Minimum wage hike, new waste reduction targets among Green Party campaign promises
Leader David Coon launches wide-ranging election platform, entitled Our Pathway for Change
The Green Party of New Brunswick has promised to hike the minimum wage and social assistance rates, eliminate the interest on provincial student loans, bring in border tolls on four-lane highways and make it possible to get to the four corners of the province via public transportation if the party is elected next month.
It has also pledged to increase the auditor general's budget and make the office of the chief medical officer of health independent, legislate waste reduction targets and remove industrial property tax exemptions in its wide-ranging campaign platform, launched Monday at the party's Fredericton headquarters.
"The Green Party's vision for the kind of province — the kind of future — we all want for our children and grandchildren, springs from the shared values that define us as New Brunswickers," party Leader David Coon said in statement.
"This platform — Our Pathway for Change — will help transform our vision for the province we love into reality."
Would scrap Medavie contracts
The Green Party is also expected to take aim at the province's contracts with Medavie for the management of extramural nursing and ambulance services when it details the health-care plank of its platform on Wednesday at 10 a.m. at the Sackville Memorial Hospital.
"Health care is not a business, and the public health system should not be run like one — or by one," said Coon.

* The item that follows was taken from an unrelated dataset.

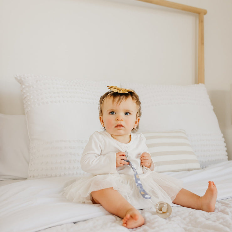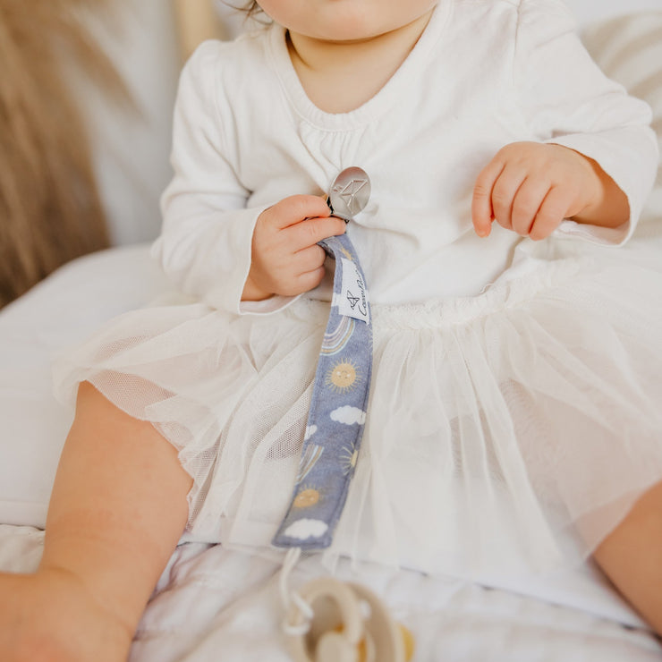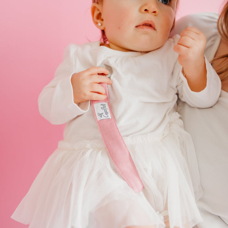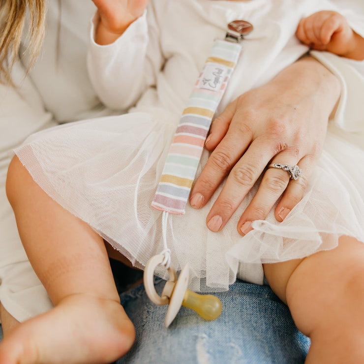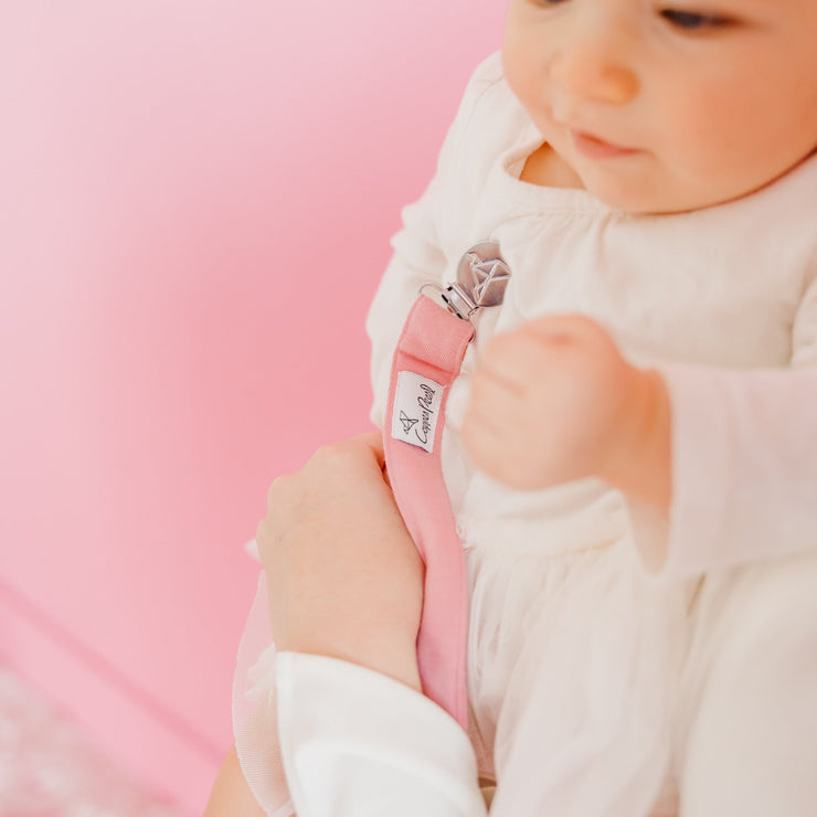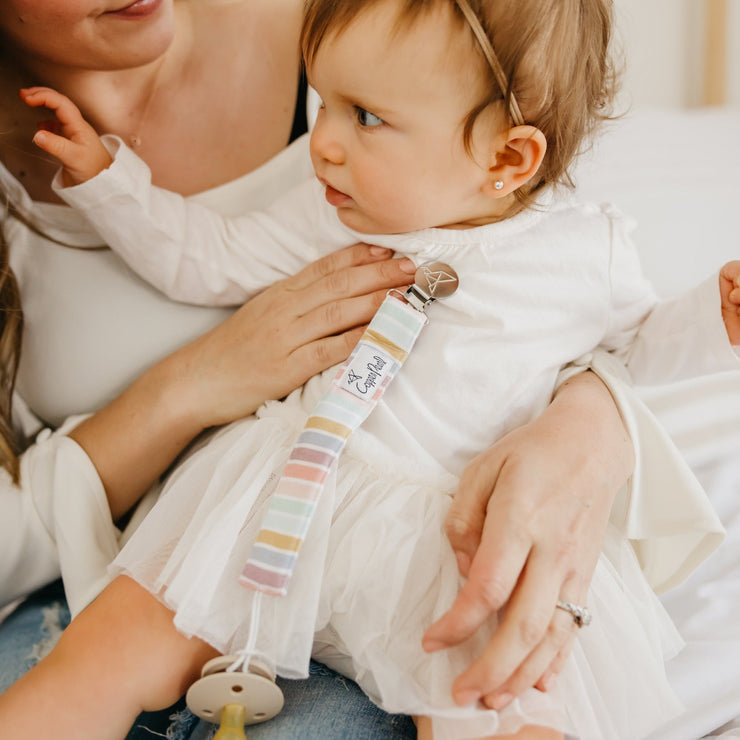 Offering the ultimate blend of fashion and function, our unique Binky Clip features a premium knit strap lined with absorbent fleece to help soak up drool. Simply attach baby's pacifier or teether to one end, then fasten the clip to clothing, blankets or baby gear. Oh, and by the way our set includes three Binky Clips to keep with you wherever you go - no more floor drops or pacifier pick-ups!

"Instead, it should be organized to meet citizens' health needs effectively, with decisions about providing care made at the community level."
Progressive Conservative Leader Blaine Higgs has also pledged to try to scrap the Medavie deal if elected on Sept. 24.

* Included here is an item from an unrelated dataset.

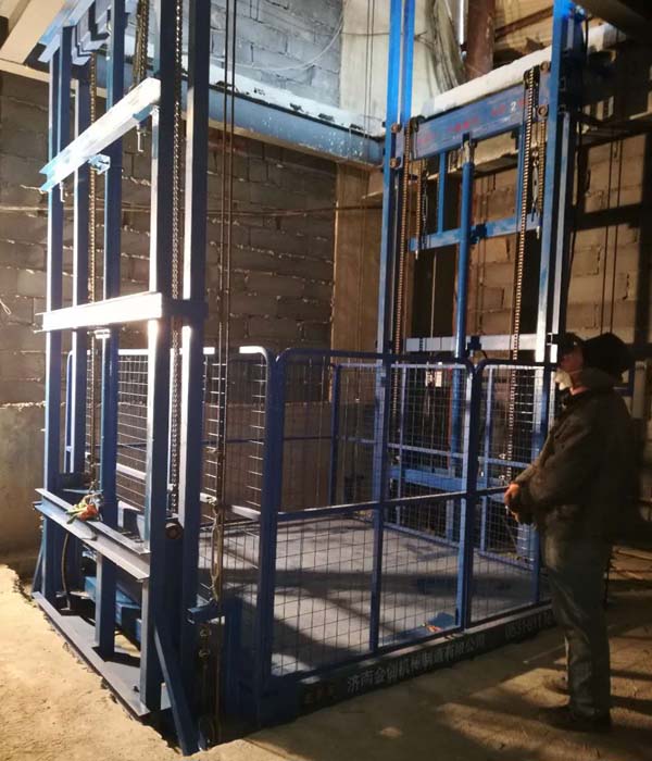 液壓升降貨梯生產(chǎn)制造廠家-濟南金創(chuàng)機械制造有限公司,為威海客戶定做的升高13米,載重5噸的導(dǎo)軌鏈條式液壓升降貨梯,嚴(yán)寒天氣下,經(jīng)過安裝師傅加班加點的努力,昨天下午通過了客戶方的驗收工作。

The Green Party contends the management responsibilities for extramural health services should be returned to the Horizon and Vitalité regional health networks.
It wants ambulance services under public management and would initiate a public inquiry into how they can be improved.

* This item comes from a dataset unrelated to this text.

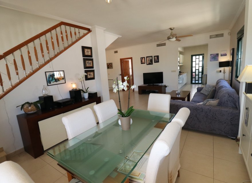On entrance this is a 4 bed villa arranged across 2 floors, accessed from a large front terrace. On the ground floor we have a modern and bright living space, here the large and modern kitchen, dining and living space offers plenty of room to arrange a layout of these areas as suits your needs. Here also we have the Master bedroom with en suite and 2 double size bedrooms with fitted wardrobes, and a family bathroom, also some additional separate storage space, and outside separate from the kitchen a additional utility or laundry room. On the 2nd floor there is a further 4th bedroom, and this has double access to the terraces/solarium of the property facing forwards towards the Salt lakes and at the rear across Quesada. On this floor also there is an additional room, currently used as an office but equally could be a 5th bedroom or any space that you would prefer.

Coon holds the party's only seat in the legislature.
Federal Green Party Leader Elizabeth May is expected to support Coon's bid for re-election in the riding of Fredericton South on Thursday. She will campaign with Memramcook-Trantramar candidate Megan Mitton Tuesday and Wednesday.
The party's platform includes 120 commitments covering seven key areas. Among them:
Restore relations with First Nations
- Fully implement the Calls to Action of the national Truth and Reconciliation Commission and "address" the recommendations of the national inquiry into missing and murdered Indigenous women as soon as they're released.
- Help preserve Indigenous languages and culture by securing federal funding for Indigenous language teacher training and immersion programs for Indigenous children.
Living within our ecological and financial means
- Legislate a cap on industrial carbon pollution.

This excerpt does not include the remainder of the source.